To improve the reproducibility and controllability of the fabrication process, we introduced a DRIE (Deep Reactive Ion Etching) to make a precisely aligned microchip array on a substrate. SF6 was used for the etching gas. Previously, we used mechanical dicing combined with back-grinding to divide microchips instead of using the DRIE. The DRIE formed deep grooves in a mother chip with good controllability so as to divide into microchips with the area of 600 µm x 600 µm. To ensure the connectivity between the microchip and the substrate, special composite metal bump technology is developed. This is a combination of Au and Pt bumps in both side of the chip and substrate. The stimulus electrode is made of Pt with a diameter of 80 µm. The fabricated stimulator was tested in a saline solution.

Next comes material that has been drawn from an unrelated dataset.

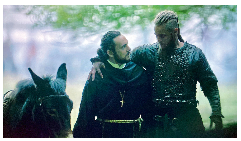
Fig. 4: Film still, VIKINGS, S2:E9 (00:27:49).

ongoing existential encounter between religions and of their interconnected convictions, beliefs and struggles. It ends with Ragnar's hope for a future friendship of the gods, a perspective more commensurate with diverse Viking religion than with contemporary Christian faith. The whole fragment serves as a metaphor for the peaceful coexistence of religions in the world of the viewer.

The groove made with DRIE was over 200 µm in depth with an aspect ratio of over 20. The twelve microchips can be aligned precisely on the substrate. In addition, by using the composite bump technology, the fabricated stimulator shows more flexible than the stimulator that was fabricated without using DIRE. It can be bent with a radius of over 12 mm easily. The fabricated stimulator can work in a saline solution with a biphasic stimulation current pulse of about 0.5 mC/cm2.
We have developed a microchip-based stimulator using DRIE and composite bump technology. For ensuring further durability and biocompatibility, we are planning to cover the stimulator with palyrene.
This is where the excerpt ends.